Agents Need Supervisors Not Schedulers
Agent orchestration is still an evolving field. It started with chat. A human types, an AI responds, back and forth. The human is in the loop at every turn. Then came semi-autonomous agents - what coding assistants now call "agent mode." You hand over a goal, the AI breaks it into steps and executes. Then sub-agents: a master agent delegates pieces to specialized workers, collects results, synthesizes. More parallel, more scalable. The pattern keeps evolving.
But there is a structural flaw that persists across all of these. The agent doing the work is also the agent judging the work. Whether it is a single agent in a loop or an orchestrator managing sub-agents, creation and evaluation are bundled into the same actor. And that is the weak point.
We know this from everywhere else. Code review exists because the person who wrote the code is the worst person to find its bugs.
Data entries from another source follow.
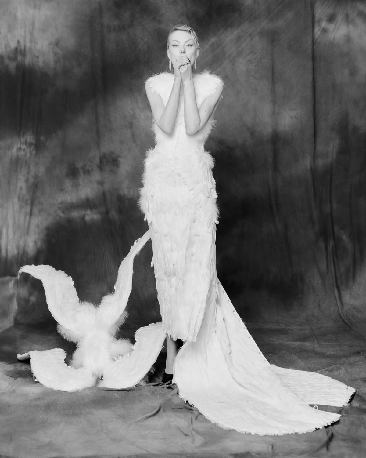 Эстетика рококо в 2026 станет еще более заметной. К корсетам и кринолинам добавятся юбки-трансформеры, обильная шнуровка не только по спине, но и по всей фигуре, кружевные оборки, ленты и объемный фантазийный декор. Апогеем тренда становятся перья и настоящие ангельские крылья, которые делают свадебное платье без малого произведением искусства.
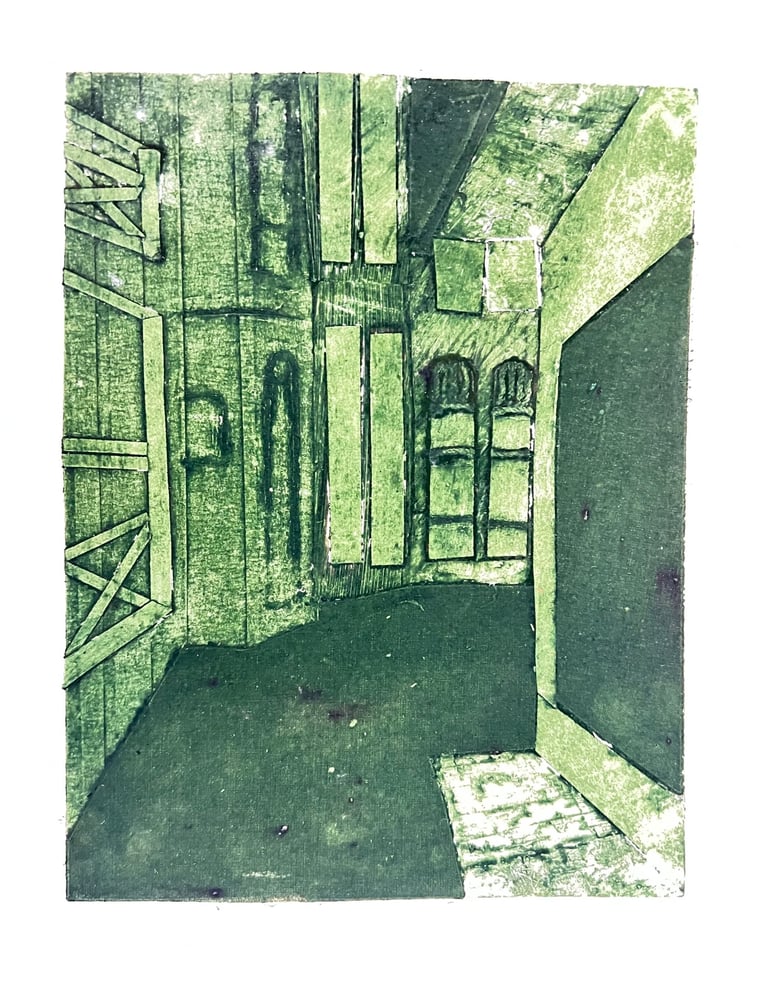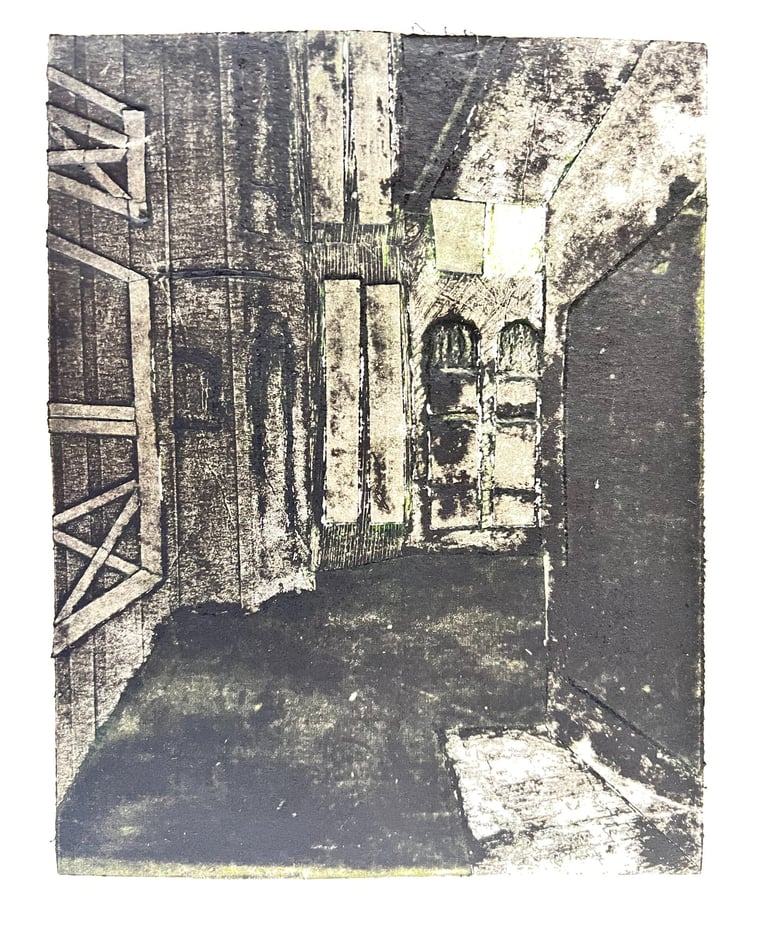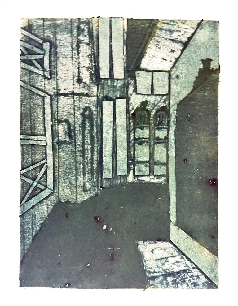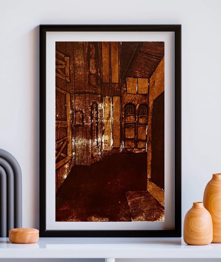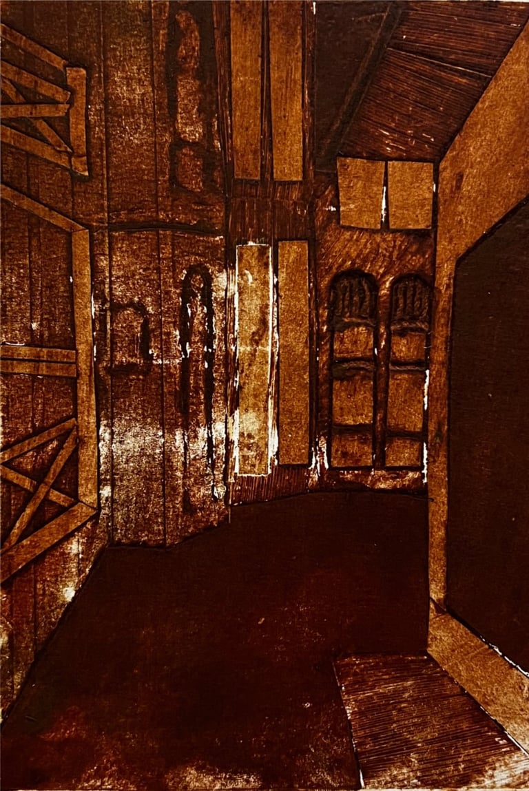 I created a collage Collography by building up layers of textured materials such as fabrics, threads, wooden sticks, leaves and textured paper onto a hard paper. I then inked it and printed it onto the printing sheet capturing the intricate textures and patterns of the collage in my prints.
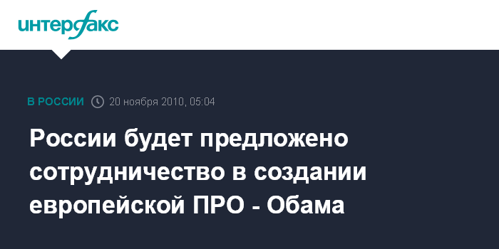 "Завтра (в субботу - ИФ) мы ожидаем начать работу с Россией о кооперации с ней в этой области (ПРО - ИФ), признавая, что у нас много общих угроз", - сказал Б.Обама в пятницу поздно вечером после дискуссии глав государств и правительств НАТО за рабочим ужином на саммите альянса в Лиссабоне.
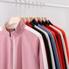 Sudadera personalizada de tela saludable de 310 g, clásica, a rayas, con costuras en colores contrastantes, cuello alto y cremallera, chaqueta moderna y a la moda.
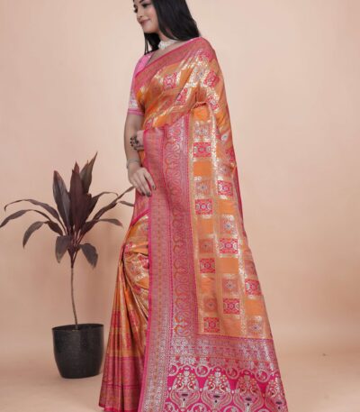 Orange & Pink Banarasi Silk Saree with Silver Zari | Wedding & Festive Saree | Traditional Banarasi Saree with Rich Contrast Pallu
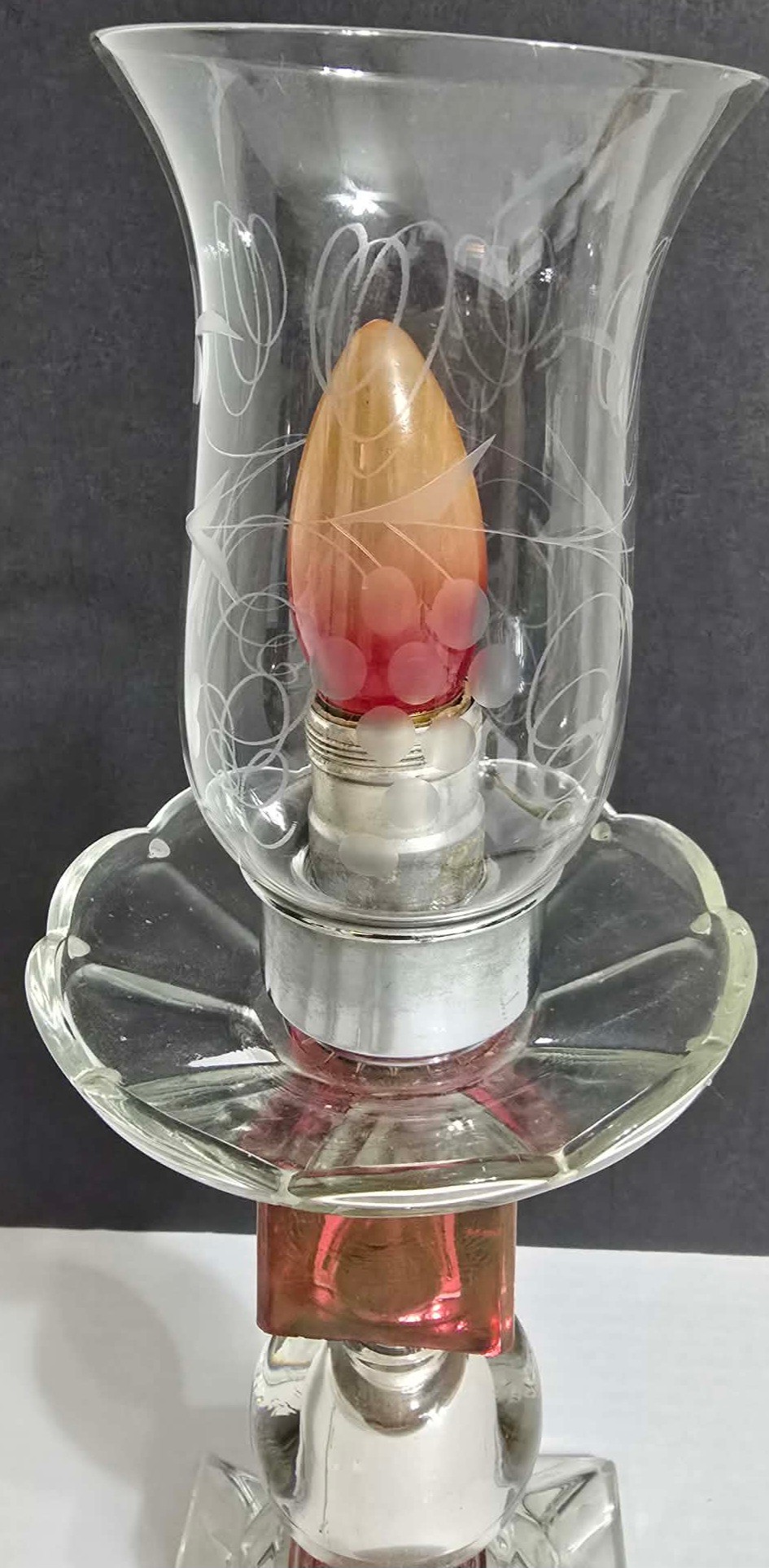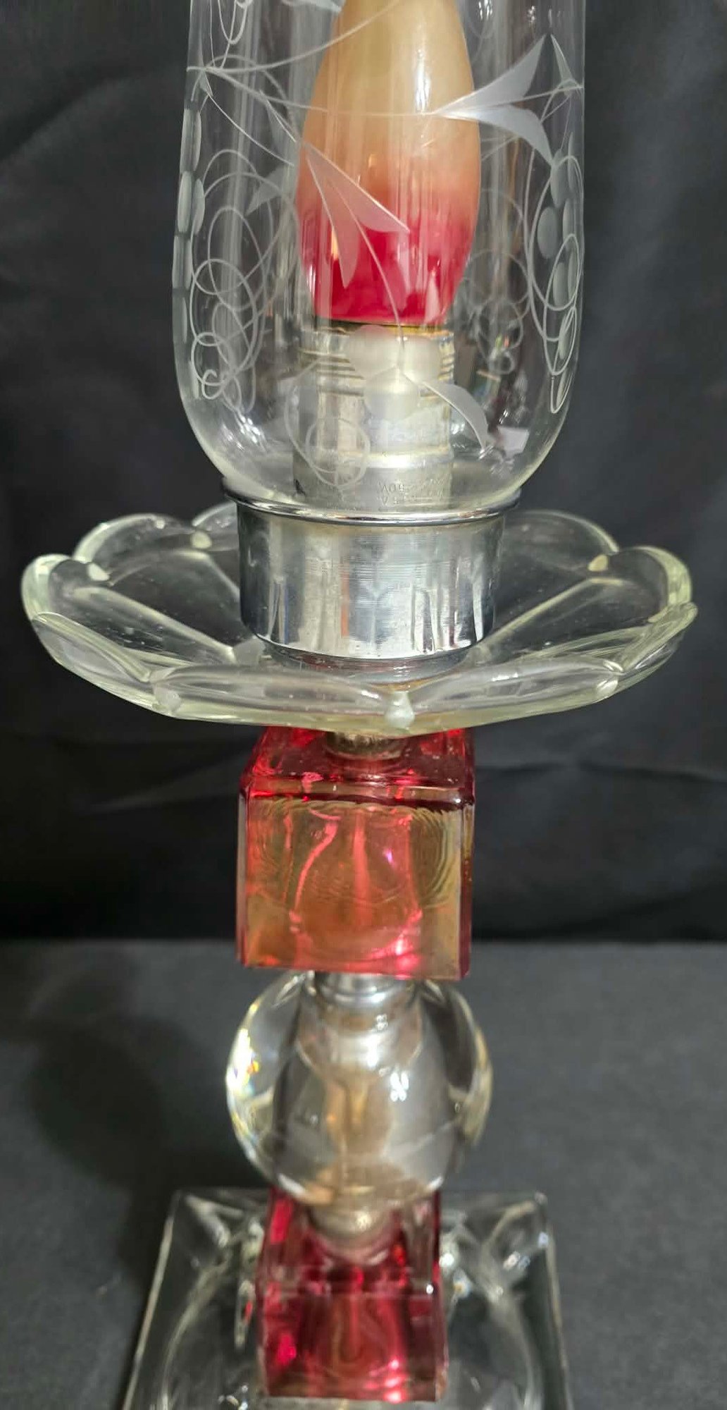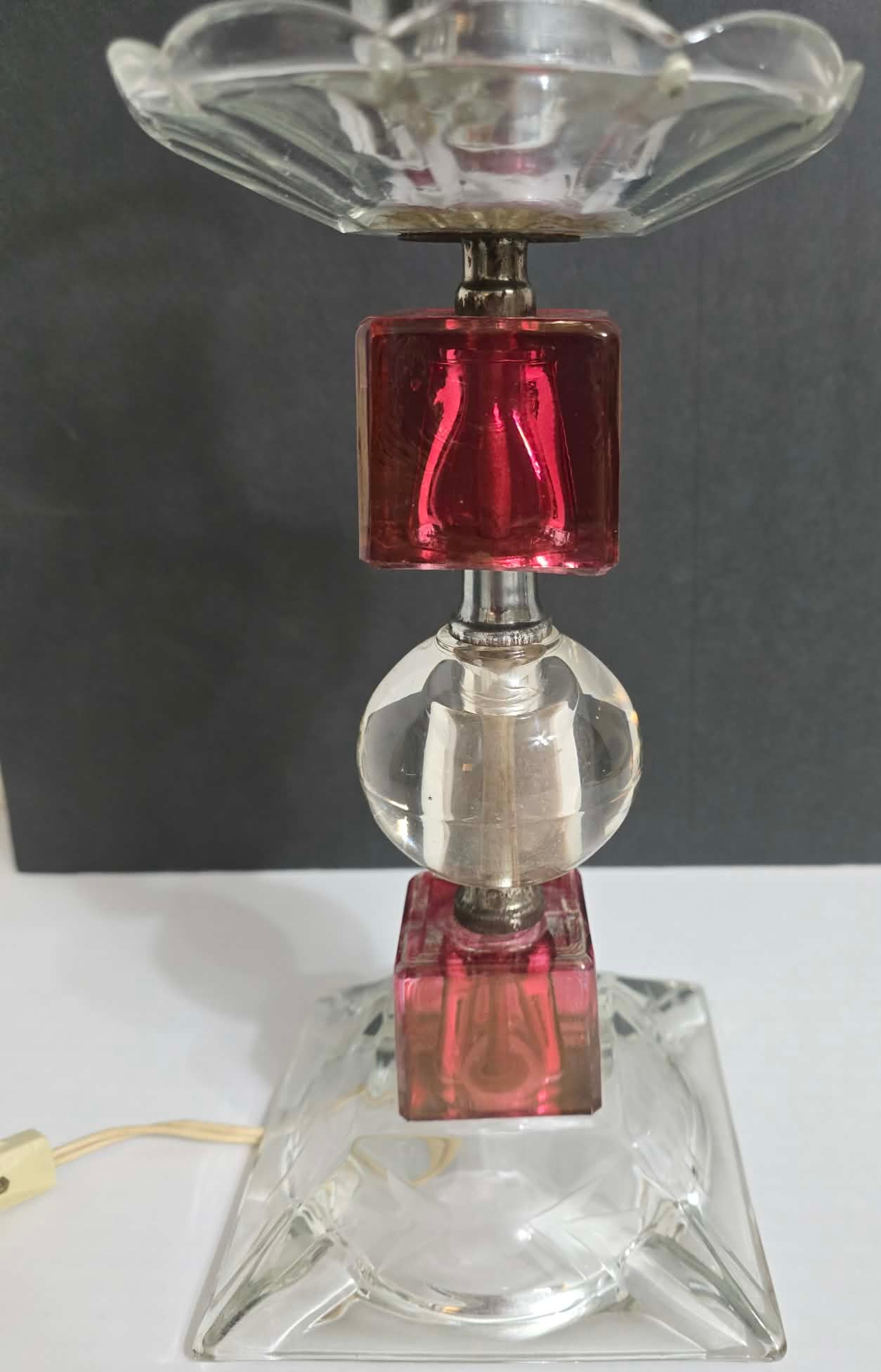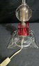Unique Red & Clear Lamp. Tilts to one side a little. Has a votive bulb cover.
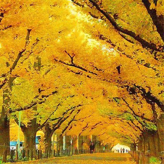 东京的街道两旁、花园和公园里生长着大约6.5万棵银杏树,座落于明治神宫的外苑的银杏树隧道就很值得一去。
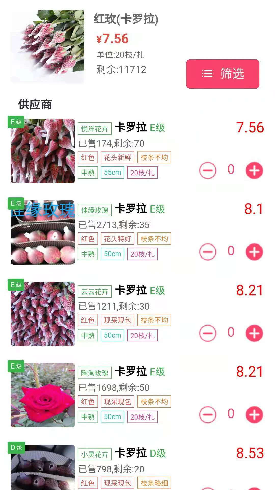 4、进入供货商列表页面,您可以查看对应花材的不同供货商报价及规格,通过加减按钮轻松调整购买数量,最终按需选择合适的供货商进行下单。

Separation of duties is a foundational principle in security, finance, and operations. You do not let the same actor create and approve. The blind spots are too predictable. An agent evaluating its own output is biased in the same way a developer is biased toward their own code. It generated the thing. Of course it thinks the thing is good.
The pattern that is missing is not a smarter orchestrator. It is a supervisor. Not a scheduler that assigns work, but an independent agent whose only job is to verify what another agent produced. Two agents, both running autonomously, but with fundamentally different roles. One generates. The other reviews. They do not need to coordinate in real time. The generator produces artifacts. The supervisor inspects them. If the work passes, it moves forward. If it does not, the generator gets feedback and iterates.
This is different from orchestration. An orchestrator has to understand every sub-task well enough to delegate it and every result well enough to judge it. That is a lot of cognitive load for one agent, and it is where multi-agent systems start falling apart. A supervisor does not need to understand how the work was done. It only needs to evaluate the output. Artifacts in, judgments out. The communication surface is tiny.
It also scales differently. Run multiple generators in parallel, each trying a different approach. The supervisor just filters the results. You get the exploration benefits of parallelism without the coordination overhead that kills multi-agent systems.
This is not hypothetical. We are already seeing early versions of it work. Automated code review tools that use a separate model to critique AI-generated pull requests are reporting real results. And anecdotally, many developers have already adopted a version of this pattern on their own: use one model to write the code, then use a different model with a different prompt to find the bugs. It sounds redundant until you try it. There are always bugs to be found. Always. The generator is confident in its output. A fresh set of weights with a different perspective catches what the first one missed. You have to try it to believe it.
The industry keeps reaching for deeper hierarchies when the answer might be lateral. Not more layers of control but a clean split between the agents that build and the agents that verify. The pattern is old. We just have not applied it to AI systematically yet.